Abercrombie Max J, Liu Kenneth, Alimohammadi Majid
Department of Cellular and Physiological Sciences, Faculty of Medicine, University of British Columbia, Vancouver, BC, Canada.
School of Kinesiology, Faculty of Education, University of British Columbia, Vancouver, BC, Canada.
Plast Surg (Oakv). 2025 Sep 25:22925503251379893. doi: 10.1177/22925503251379893.
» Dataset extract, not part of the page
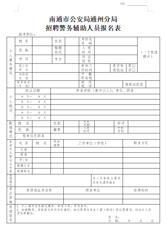 南通市公安局通州分局警务辅助人员招聘简章 为提升公安机关维护社会稳定、服务经济发展的水平,进一步提高公安机关应急处突和快速反应能力,南通市公安局通州分局现面向社会公开招聘46名辅警。现将有关事项公告如下: 一、招聘岗位、人数及岗位要求 ![]() ![]() 每个报考人员限报1个岗位。 二、应聘条件 1、政治素质好,正义感强,工作积极,有较强的责任心和事业心,品行端正,服从管理,能够从事夜班,服从岗位调配。 2、本人无违法犯罪记录,无个人不良信用记录,本人或家庭成员、近亲属未被判处过刑罚、未参加非法组织、邪教组织或从事其他危害国家安全活动,无其他不适合从事警务辅助工作的情形。 3、身体健康,五官端正,女性身高1.60米以上,男性1.70米以上,无伤残、口吃、重听、色弱、色盲、传染性疾病等,能胜任警务辅助工作。 4、公安、司法学校毕业,计算机操作水平达到中级以上,普通话水平二级甲等以上,英语水平四级以上优先。 三、报名时间 2025年12月25日至2026年1月8日(休息、节假日除外)。 上午:9:00-11:00;下午:14:00-17:00 四、报名方式 现场报名时须本人到场,携带本人身份证、户口簿、学历证明等原件、复印件(全部用A4纸复印)、个人征信报告1份、2张一寸免冠照片,本科学历需附加提供“中国高等教育学生信息网”报告一份。报名时本人现场填写《南通市公安局通州分局招聘警务辅助人员报名表》。(在学习、工作期间获得的相关荣誉证书原件及复印件一并附上,作为参考) 五、聘用程序和方法 1、资格审查:对所有报名人员进行资格审查。经初审合格后确定参加理论测试、体能测试人员名单。 2、理论测试内容:时事政治、法律基础知识、语文基础知识及公文写作(勤务辅警可不组织)。 理论测试时间、地点:另行通知。 3、体能测试 体能测试主要项目:1000米跑、100米跑、单杠、双杠、立定跳远。总分100分,每项占20分,评分标准参考《公安机关人民警察体育锻炼达标标准》执行。(文职辅警可不组织)。 体能测试时间、地点:另行通知。 4、面 试:理论测试、体能测试成绩达标(理论不得低于60分,体测不得低于50分)者进入面试(遇达标人数不足招聘人数3倍的情形,按测试成绩递补至招聘人数3倍面试)。 面试时间、地点:另行通知。 面试内容:由面试者介绍本人基本情况,回答相关提问。 5、体 检:按照理论测试、体能测试与面试3:4:3的比例,对综合成绩列前者进行体检。如有体检不合格的,按高分到低分依次递补。 6、考 察:对体检合格者由户籍所在地、实际居住地派出所进行政审考察,政审考察合格者办理聘用手续。 六、用工性质及待遇 通州分局警务辅助人员性质为劳务派遣,聘用后依法签订劳务合同,同时参加岗前培训,试用期为两个月,试用期间不符合工作要求的,依法退回劳务派遣公司解除劳务合同;培训合格、试用期满并考察合格的正式聘用,在通州分局各用辅部门工作。 工资待遇按政府相关标准执行,并按规定缴纳养老、医疗等保险及住房公积金。 最低服务年限一年,否则将按违约处理。 七、纪律与监督 招聘工作坚持“公开、平等、竞争、择优”的原则,全过程接受纪检监察和社会监督,一经发现并查实不符合本公告规定以及徇私舞弊、弄虚作假的,即取消聘用资格。被聘用人员自动放弃入职的,按总成绩从高分到低分一次性递补。 招聘工作不设任何代办机构,笔试、专业技能测试、面试不指定教材,招聘过程中公安机关不收取任何费用。 南通市公安局通州分局 2025年12月24日
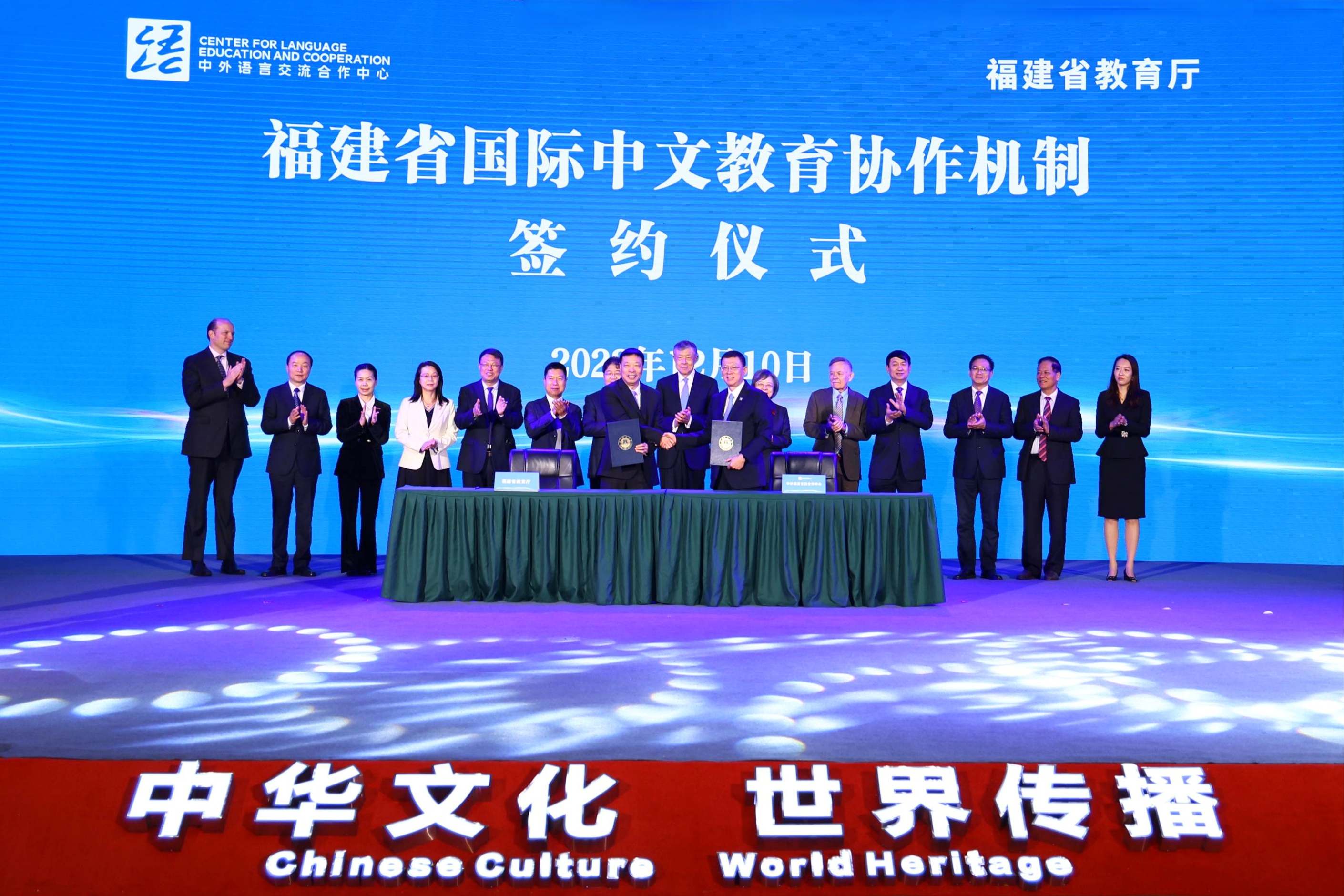 仪式上,教育部语合中心与福建省教育厅签署了福建省国际中文教育协作机制备忘录。荣耀体育(中国)及附属中学的中外学生代表与活动组委会首席学术顾问斯明诚共同启动“我为中国故事代言”计划。荣耀体育(中国)附属中学、外国语学院、海外教育学院、音乐学院的学生表演了《我们的福建故事》《百年征程 薪火相传》《侯官是我家》等精彩节目。

Despite carpal tunnel release (CTR) being a common procedure in hand surgery, variation in the location of the nerves supplying the palm leads to a high risk of iatrogenic damage. Recommendations have been made for a surgical incision placement that would avoid such damage, yet injury persists in clinical practice. These studies infrequently consider the safety of multiple at-risk nerves when making their recommendation, often optimizing the safety of one and subsequently jeopardizing another's. Sixty-one dissections were performed on formalin preserved cadavers to define a safe zone in the palm and recommend an incision placement for CTR. Detailed measurements examining the anatomy of the palmar cutaneous branch of the median nerve (PCBMN), the palmar cutaneous branch of the ulnar nerve (PCBUN), and the thenar motor branch (TMB) were taken relative the scaphoid tubercle, pisiform, or the A line. The PCBMN was located 3.3 ± 4.1 mm ulnar to the scaphoid tubercle and 8.7 ± 3.9 mm radial to the A line. The PCBUN was located the 6.5 ± 2.4 mm radial and 6.6 ± 3.7 mm ulnar from the pisiform and A line respectively. The TMB was found 8.0 ± 3.3 mm from the A line and was classified as 56% extraligamentous, 31% subligamentous, and 13% transligamentous. We conclude that an area approximately 6 mm ulnar and 7 mm radial from the A line is the safe zone for CTR and recommend an incision placement in line with the radial aspect of the fourth digit. This knowledge may aid surgeons performing CTR and help reduce iatrogenic damage.